SUPPLIED RECORDS:
--------------------------------

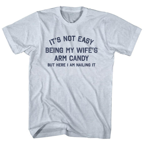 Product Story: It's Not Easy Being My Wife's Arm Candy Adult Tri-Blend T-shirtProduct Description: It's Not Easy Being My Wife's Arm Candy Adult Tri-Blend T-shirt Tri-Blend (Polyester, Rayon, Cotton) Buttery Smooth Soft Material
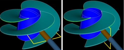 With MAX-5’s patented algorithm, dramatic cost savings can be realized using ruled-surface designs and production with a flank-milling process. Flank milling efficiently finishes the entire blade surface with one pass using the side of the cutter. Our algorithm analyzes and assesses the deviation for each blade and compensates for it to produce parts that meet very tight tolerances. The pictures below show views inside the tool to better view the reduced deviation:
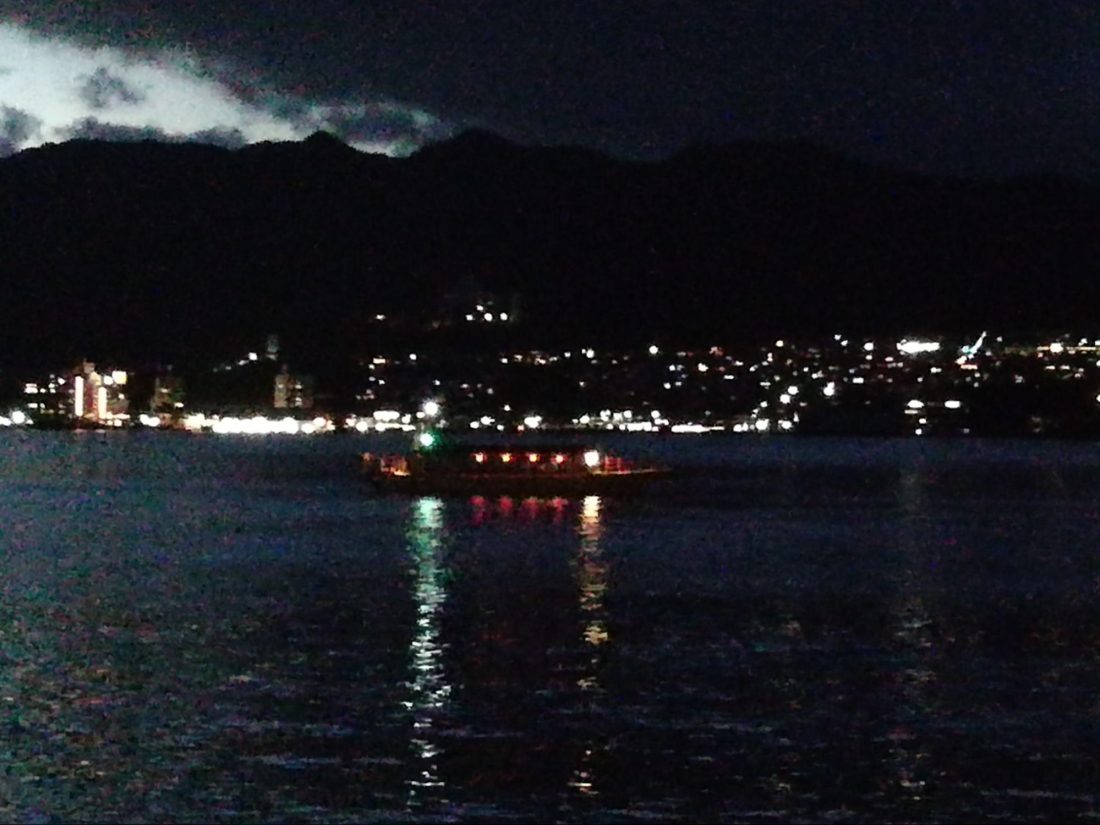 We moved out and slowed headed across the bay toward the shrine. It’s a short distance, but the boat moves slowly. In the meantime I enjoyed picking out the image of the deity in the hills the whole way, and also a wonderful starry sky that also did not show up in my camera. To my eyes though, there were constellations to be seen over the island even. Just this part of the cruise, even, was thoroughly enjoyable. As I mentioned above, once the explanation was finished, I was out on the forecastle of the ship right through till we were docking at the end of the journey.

--------------------------------

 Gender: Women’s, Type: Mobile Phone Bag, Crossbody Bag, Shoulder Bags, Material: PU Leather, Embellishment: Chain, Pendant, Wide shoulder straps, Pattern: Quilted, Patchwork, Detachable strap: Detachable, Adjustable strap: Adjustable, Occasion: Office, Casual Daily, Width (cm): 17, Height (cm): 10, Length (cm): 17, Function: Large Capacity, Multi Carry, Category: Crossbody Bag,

--------------------------------

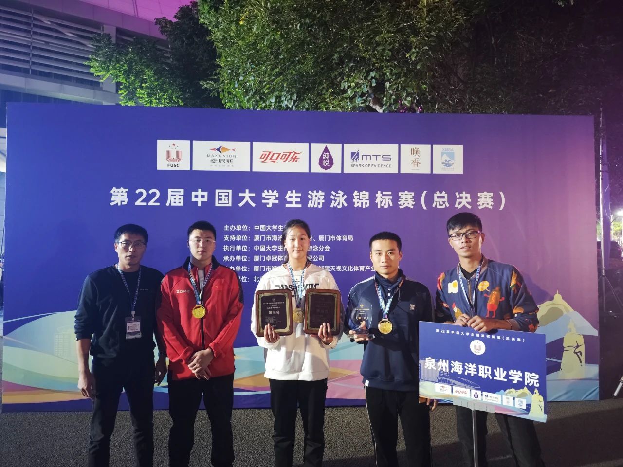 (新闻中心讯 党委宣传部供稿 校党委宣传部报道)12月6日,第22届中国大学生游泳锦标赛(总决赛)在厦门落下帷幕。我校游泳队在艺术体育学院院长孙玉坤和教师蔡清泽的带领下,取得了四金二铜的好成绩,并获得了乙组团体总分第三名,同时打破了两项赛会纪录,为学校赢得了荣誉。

--------------------------------

What you write out is the stretch of entries from the line containing "Product Story: It's" to the line containing "With MAX-5’s patented", word for word, with both end lines and no pictures.

RESPONSE TO THE EXERCISE:
 Product Story: It's Not Easy Being My Wife's Arm Candy Adult Tri-Blend T-shirtProduct Description: It's Not Easy Being My Wife's Arm Candy Adult Tri-Blend T-shirt Tri-Blend (Polyester, Rayon, Cotton) Buttery Smooth Soft Material
 With MAX-5’s patented algorithm, dramatic cost savings can be realized using ruled-surface designs and production with a flank-milling process. Flank milling efficiently finishes the entire blade surface with one pass using the side of the cutter. Our algorithm analyzes and assesses the deviation for each blade and compensates for it to produce parts that meet very tight tolerances. The pictures below show views inside the tool to better view the reduced deviation:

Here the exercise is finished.